Scientific classification
- Kingdom: Animalia
- Phylum: Arthropoda
- Subphylum: Chelicerata
- Class: Arachnida
- Order: Araneae
- Suborder: Mesothelae Pocock, 1892
- Subdivisions: Liphistiidae Thorell, 1869; †Palaeothele; Possibly other fossils;

= Mesothelae =

Suborder of spiders

The Mesothelae are a suborder of spiders (order Araneae). The division of extant members of the suborder into families has varied. A single extant family Liphistiidae may be accepted, with two subfamilies: Liphistiinae, containing only the genus Liphistius, and Heptathelinae, with seven genera.

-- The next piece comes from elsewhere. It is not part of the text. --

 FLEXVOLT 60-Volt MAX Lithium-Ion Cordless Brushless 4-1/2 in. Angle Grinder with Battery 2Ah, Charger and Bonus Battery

Alternatively, the two subfamilies may be treated as separate families, Liphistiidae and Heptathelidae. As of November 2025, the World Spider Catalog accepted the single family approach. There are also a number of extinct families.

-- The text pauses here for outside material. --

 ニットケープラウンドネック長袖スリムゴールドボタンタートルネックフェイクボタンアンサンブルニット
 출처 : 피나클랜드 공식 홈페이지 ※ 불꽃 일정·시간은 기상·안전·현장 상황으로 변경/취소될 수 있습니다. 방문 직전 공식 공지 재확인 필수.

This suborder is thought to form the sister group to all other living spiders, and to retain ancestral characters, such as a segmented abdomen with spinnerets in the middle and two pairs of book lungs. Extant members of the Mesothelae are medium to large spiders with eight eyes grouped on a tubercle. They are found only in China, Japan, and southeast Asia. The oldest known Mesothelae spiders are from the Carboniferous, over 300 million years ago.

==Taxonomy==
Reginald Innes Pocock in 1892 was the first to realize that the exceptional characters of the genus Liphistius (the only member of the group then known) meant that it was more different from the remaining spiders than they were among themselves. Accordingly, he proposed dividing spiders into two subgroups, Mesothelae for Liphistius, and Opisthothelae for all other spiders. The names refer to the position of the spinning organs, which are in the middle of the abdomen in Liphistius and nearer the end in all other spiders. In Greek, μέσος (mesos) means "middle", and θήλα (thēla) "teat".

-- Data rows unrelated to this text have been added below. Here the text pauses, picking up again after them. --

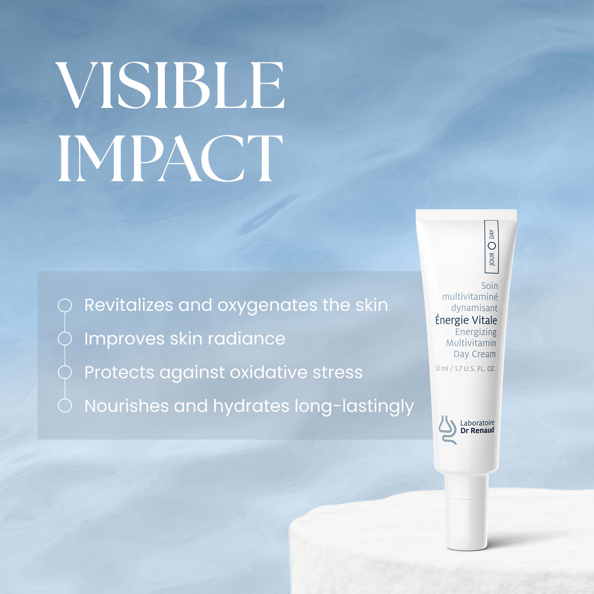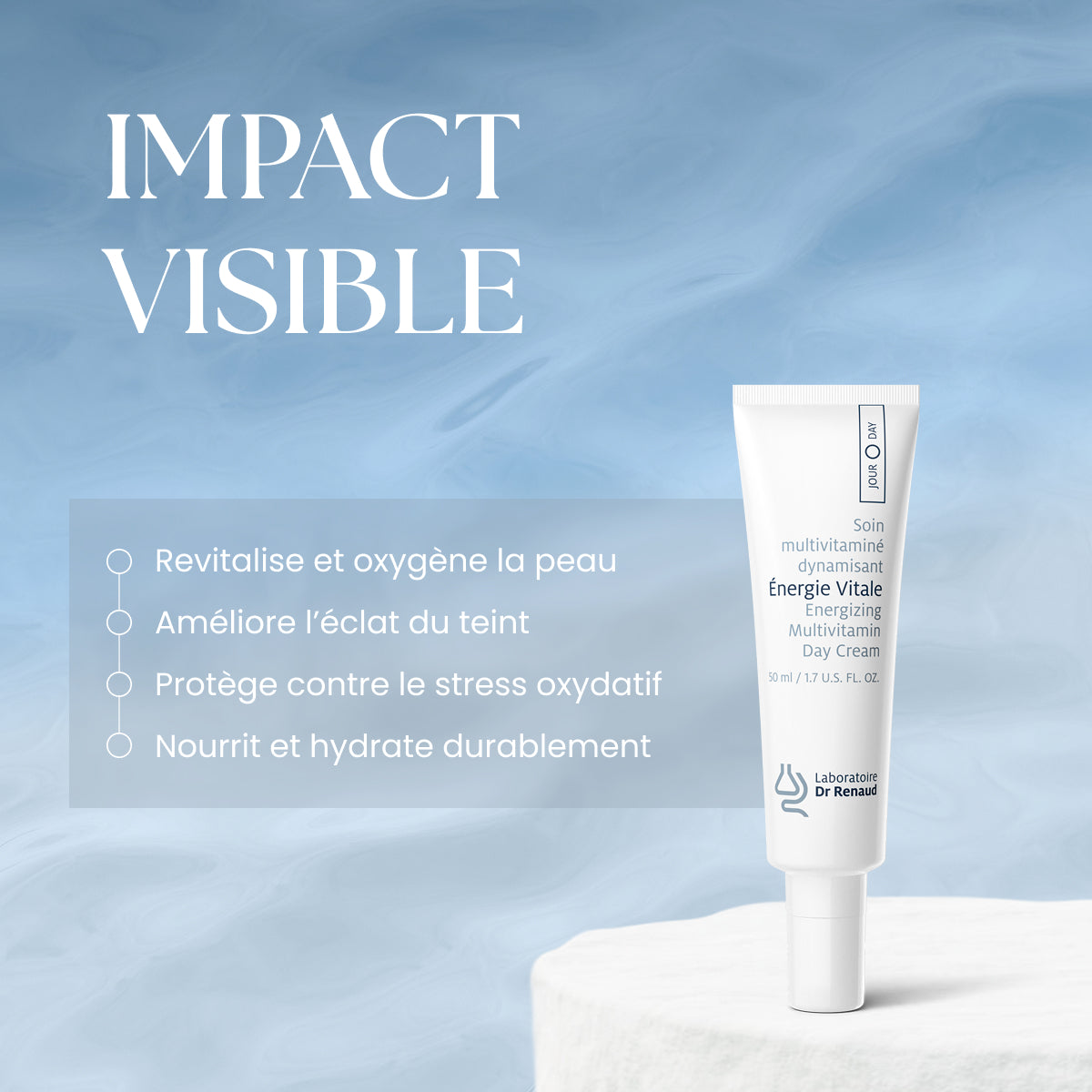 Formulated with a multivitamin complex (vitamins A, E, minerals), beech bud extract, and mineral salts (calcium, magnesium, potassium), it boosts cellular oxygenation and restores energy to the skin. Its creamy texture leaves a fresh, radiant finish.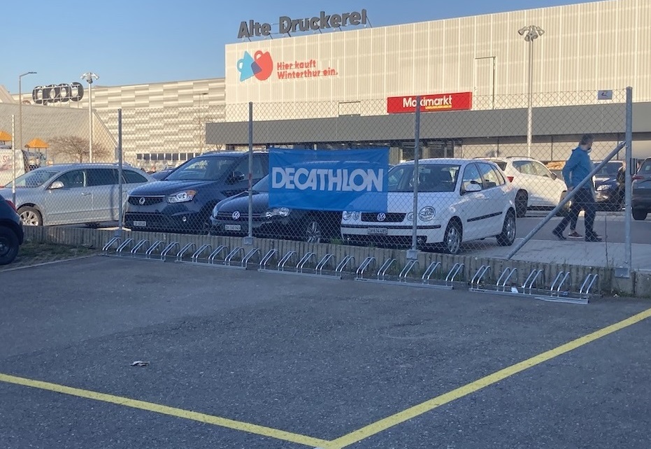 Untaugliche Ständeranlage (klassische „Bögliständer“ wie in den 70er-Jahren), kein Schutzdach und weit entfernt vom Eingang. Test im Velojournal 3-2021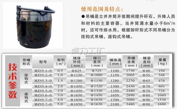 使用范圍及特點(diǎn):吊桶是立井井筒開鑿期間提升矸石、升降人員和材料的主要容器。當(dāng)井筒涌水量小于6M3/h時(shí),還可作排水用。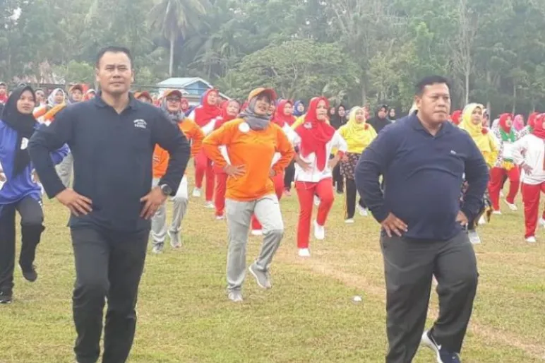 Bupati Choirul Huda didampingi Sekda Mukomuko Marjohan, Ketua TP PKK Mukomuko Ani Tri Ratnawati, ikut senam Germas bersama ratusan masyarakat.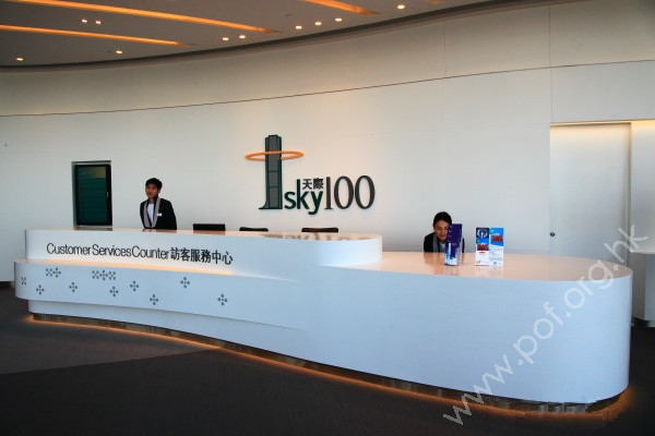 連接商場2樓行人通道,寬闊平坦,入口是開放式無門廊設計,門頂有醒目的「天際SKY100」發光招牌;往前進內是餐廳、觀景台收費入口(收門票)等設施,無觸覺引路帶。

===Phylogeny and classification===
Pocock divided his Opisthothelae into two groups, which he called Mygalomorphae and Arachnomorphae (now Araneomorphae), implicitly adopting the phylogeny shown below.

Pocock's approach was criticized by other arachnologists. Thus in 1923, Alexander Petrunkevitch rejected grouping mygalomorphs and araneomorphs into Opisthothelae, treating Liphistiomorphae (i.e. Mesothelae), Mygalomorphae and Arachnomorphae (Araneomorphae) as three separate groups. Others, such as W. S. Bristowe in 1933, put Liphistiomorphae and Mygalomorphae into one group, called Orthognatha, with Araneomorphae as Labidognatha:

In 1976, Platnick and Gertsch argued for a return to Pocock's classification, drawing on morphological evidence. Subsequent phylogenetic studies based on molecular data have vindicated this view. The accepted classification of spiders is now:

Order Araneae (spiders)
Suborder Mesothelae Pocock, 1892
Suborder Opisthothelae Pocock, 1892
Infraorder Mygalomorphae Pocock, 1892
Infraorder Araneomorphae Smith, 1902 (syn. Arachnomorphae Pocock, 1892)

===Extant taxa===
Initially the Mesothelae consisted of a single family, Liphistiidae. In 1923, the new genus Heptathela was described and placed in a separate tribe within Liphistiidae, Heptatheleae. In 1939, Alexander Petrunkevitch raised the tribe to a separate family, Heptathelidae. In 1985, Robert Raven reunited the two families, a view supported by Xu et al. in 2021, Breitling in 2022, and Sivayyapram et al. in 2024. Other authors have maintained two separate families. As of November 2025, the World Spider Catalog accepted the single family approach.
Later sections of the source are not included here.